Tutorial 2 - Differential Expression Analysis
In this tutorial, we will use the bulkDGD model to perform differential gene expression analysis (DEA) for a set of samples.
The code and input/output data regarding this tutorial can be found in the bulkDGD/tutorials/tutorial_2 directory.
In this tutorial, we will walk you through how to integrate differential expression analysis with bulkDGD in a Python script.
However, if you need to perform DEA on a large set of samples, we recommend using the bulkdgd_dea executable, which parallelizes the calculations.
Step 1 - Get the samples’ representations in latent space and corresponding decoder’s outputs
First, we need to find the best representations for these samples in the latent space defined by the bulkDGD model. You can follow the instructions provided in Tutorial 1 to find the representations and the corresponding decoder outputs. These outputs are the predicted scaled means and predicted r-values of the negative binomials modeling the genes’ counts in silico samples corresponding to the representations.
For this tutorial, we use the first ten preprocessed samples in the samples_preprocessed.csv file and the corresponding ten pre-calculated scaled means and r-values in the pred_means.csv and pred_r_values.csv files obtained following Tutorial 1.
First, we set the logging so that every message above and including the INFO level gets reported to have a better idea of what the program is doing. By default, only messages associated with a WARNING level or above get reported.

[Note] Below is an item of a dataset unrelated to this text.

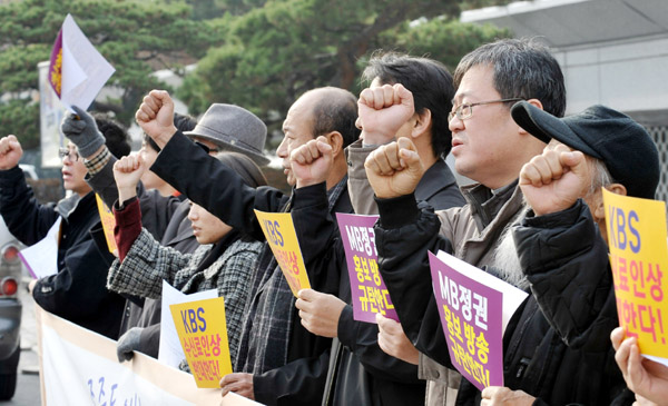 (5)방송장악 논란과 MBC· KBS 총파업이명박 대통령 대선캠프에서 활동했던 KBS 김인규 사장, 이 대통령과 오랜 친분관계를 맺어온 것으로 알려진 MBC 김재철 사장 취임으로 ‘방송장악’ 논란은 정점에 달했다. MBC노조는 김재철 사장의 퇴진을 요구하며 39일간 총파업을 벌였고, KBS노조의 노선을 비판하며 창립한 전국언론노동조합 KBS본부는 김인규 사장에 7월 한 달 동안 총파업으로 맞섰다. 그 밖에 노조원에 대한 무더기 해고·징계·인사보복 논란을 비롯해 시사고발프로그램의 폐지, PD수첩과 추적60분 ‘4대강’ 편 불방 사태로 빚어진 공정방송 논란 등 ‘방송 장악’ 시비가 끊이지 않은 한 해였다.

# Import the 'logging' module.
import logging as log
# Set the logging options.
log.basicConfig(level = "INFO")
We load the samples using the ioutil.load_samples() function.
# Import the 'ioutil' module from 'bulkDGD'.

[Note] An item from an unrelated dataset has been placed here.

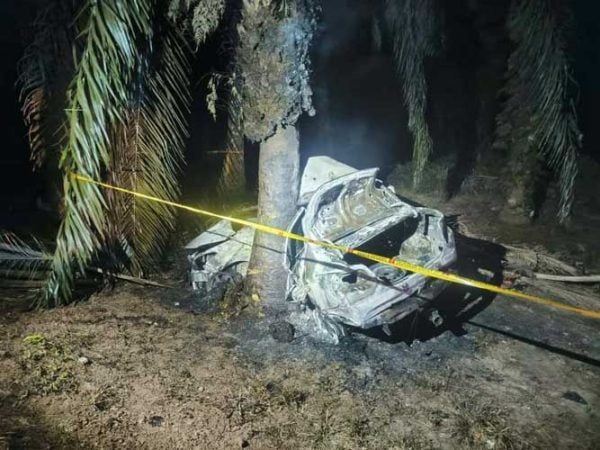 这起悲剧发生在莫哈末丹尼尔驾驶车辆时,因失控撞向路旁油棕树,导致车辆起火,二人未能及时逃生,终致丧命。

from bulkDGD import ioutil
# Load the preprocessed samples into a data frame.
df_samples = \
ioutil.load_samples(# The CSV file where the samples are stored
csv_file = "samples_preprocessed.csv",
# The field separator used in the CSV file
sep = ",",
# Whether to keep the original samples' names/
# indexes (if True, they are assumed to be in
# the first column of the data frame)
keep_samples_names = True,
# Whether to split the input data frame into
# two data frames, one containing only gene
# expression data and the other containing
# additional information about the samples
split = False)
# Get only the first ten samples.
df_samples = df_samples.iloc[:10,:]
Then, we load the predicted scaled means using the ioutil.load_decoder_outputs() function.
# Load the predicted scaled means into a data frame.
df_pred_means = \
ioutil.load_decoder_outputs(# The CSV file where the predicted
# scaled means are stored
csv_file = "decoder_outputs.csv",
# The field separator used in the CSV
# file
sep = ",",
# Whether to split the input data frame
# into two data frames, one containing
# only the predicted scaled means and
# the other containing additional
# information about the original samples
split = False)
# Get only the first ten rows.
df_dec_out = df_dec_out.iloc[:10,:]
Finally, we load the predicted r-values using the ioutil.load_decoder_output() function. If we used an instance of the bulkDGD model using Poisson distributions instead of negative binomial distributions to model the predicted genes’ counts, we would not have an output file with the r-values and we would not need to load them.
# Load the predicted r-values into a data frame.
df_pred_r_values = \
ioutil.load_decoder_outputs(# The CSV file where the predicted
# r-values are stored
csv_file = "decoder_outputs.csv",
# The field separator used in the CSV
# file
sep = ",",
# Whether to split the input data frame
# into two data frames, one containing
# only the predicted r-values and
# the other containing additional
# information about the original samples
split = False)
# Get only the first ten rows.
df_pred_r_values = df_pred_r_values.iloc[:10,:]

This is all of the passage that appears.